Discusses pricing formula and other fees, value-added tax (VAT), etc.

Last published date: 2019-10-13
A decade of near-zero inflation, combined with decreased regulation and greater global competition, has had a profound effect on Japanese price-setting strategies. A low economic growth rate, combined with an aging population receiving fixed incomes make the average Japanese consumer more value conscious. The growth online marketplaces such as Rakuten and Amazon Japan, has also contributed to greater product awareness and price sensitivity by Japanese consumers.

In March 2019, the Japanese government enacted the tax reform bill, which may further increase consumers’ sensitivity to retail prices. Among various reforms, the bill included changes in international taxation, a consumption tax hike from 8 to 10%, and greater tax incentives for companies undertaking R&D, in order to promote innovation.

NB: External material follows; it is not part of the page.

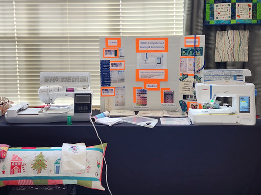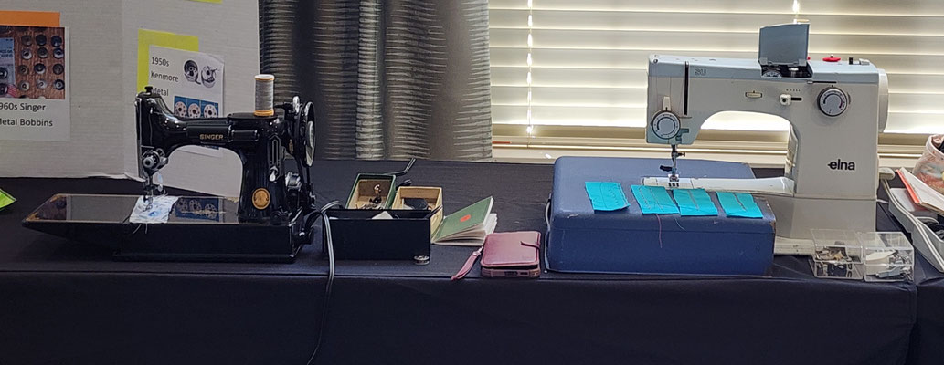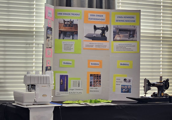 The display for the 'Evolution of Sewing Machines' presentation at Grand Village Retirement Home.
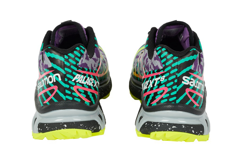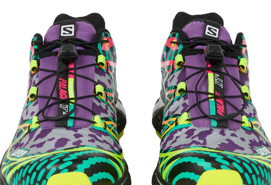 此外还采用了淡紫色鞋舌和霓虹黄鞋带孔,整体视觉效果相当夸张而又吸睛,尽显 Palace 的街头风格。

Furthermore, deregulation has eliminated multiple layers of intermediaries in the distribution process. These factors have led companies to move away from pursuing a low margin, high volume strategy toward a more real-time pricing strategy aimed at adjusting prices based on prevailing market conditions.

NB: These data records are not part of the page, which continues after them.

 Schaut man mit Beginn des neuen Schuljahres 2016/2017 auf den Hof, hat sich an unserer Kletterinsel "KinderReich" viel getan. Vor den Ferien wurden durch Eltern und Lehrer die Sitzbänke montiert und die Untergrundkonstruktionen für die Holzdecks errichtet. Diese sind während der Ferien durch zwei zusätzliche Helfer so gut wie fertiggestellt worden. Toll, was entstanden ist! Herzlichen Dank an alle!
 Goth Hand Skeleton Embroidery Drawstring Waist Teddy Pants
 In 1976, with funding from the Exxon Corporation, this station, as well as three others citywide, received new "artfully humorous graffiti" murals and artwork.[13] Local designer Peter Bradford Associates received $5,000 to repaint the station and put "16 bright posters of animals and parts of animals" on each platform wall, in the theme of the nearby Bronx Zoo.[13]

In order to differentiate their product or service from competitors, companies have had to find other ways – apart from pricing – to draw customers. Features such as appealing packaging, after-market service, or extended warranties are among the common ways in which companies try to differentiate their brands. Japanese consumers have developed an implicit expectation for such add-on features when making a purchase. Consequently, when U.S. exporters review prices in the Japanese market, it is important to consider the entire “package” being offered by domestic competitors – namely, the product or service plus add-on features – in order to arrive at a more accurate price comparison.